Meanwhile, GOP operatives gleefully excavated a 2007 interview in which Obama bashed his Oval Office predecessor for a lack of transparency. “There’s been a tendency on the part of this Administration to try to hide behind executive privilege every time there’s something a little shaky that’s taking place,” Obama told Larry King. But the charge of hypocrisy – a Romney campaign spokeswoman whacked the President for “just another broken promise” — only makes sense to a degree. This is the first time during his presidency that Obama has invoked executive privilege; he has done so more sparingly than any chief executive in recent history. Bill Clinton asserted executive privilege 14 times, George W. Bush six. Defending the decision, White House communications director Dan Pfeiffer called the probe “a politically motivated, taxpayer-funded election-year fishing expedition.”

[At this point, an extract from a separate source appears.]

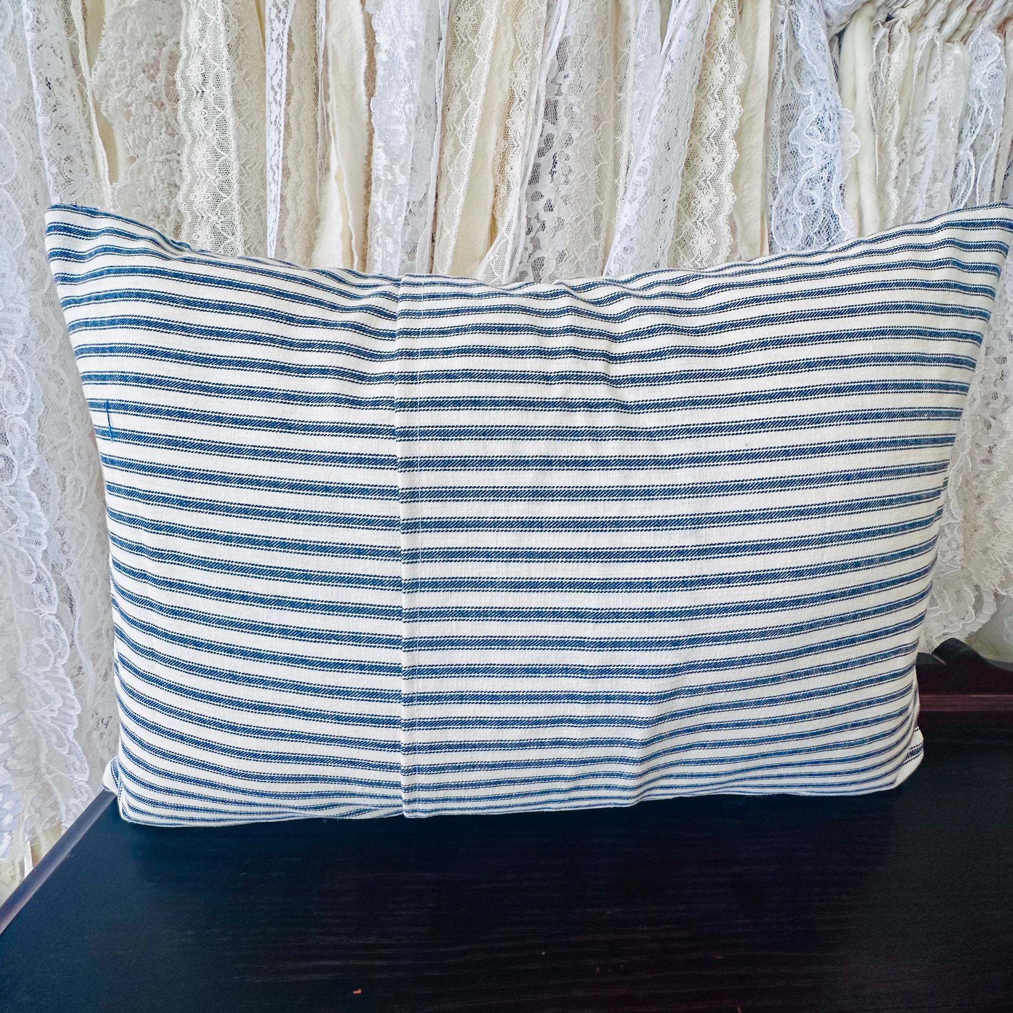 Backing in blue and cream ticking

Regardless of its merit, the hearing Wednesday was shot through with the sort of partisan squabbling that has marked this dysfunctional Congress. For hours, Republicans fulminated about the Justice Department’s alleged malfeasance and renewed calls for Holder to resign. Democrats volleyed back scathing claims of partisan grandstanding; New York Representative Carolyn Maloney called the probe a “political witch hunt.” Republicans apologized to the families of the victims. Democrats apologized for the political theater. The only agreement the two sides had was that somebody was owed an apology for the government’s behavior.

On that count, at least, they were certainly right.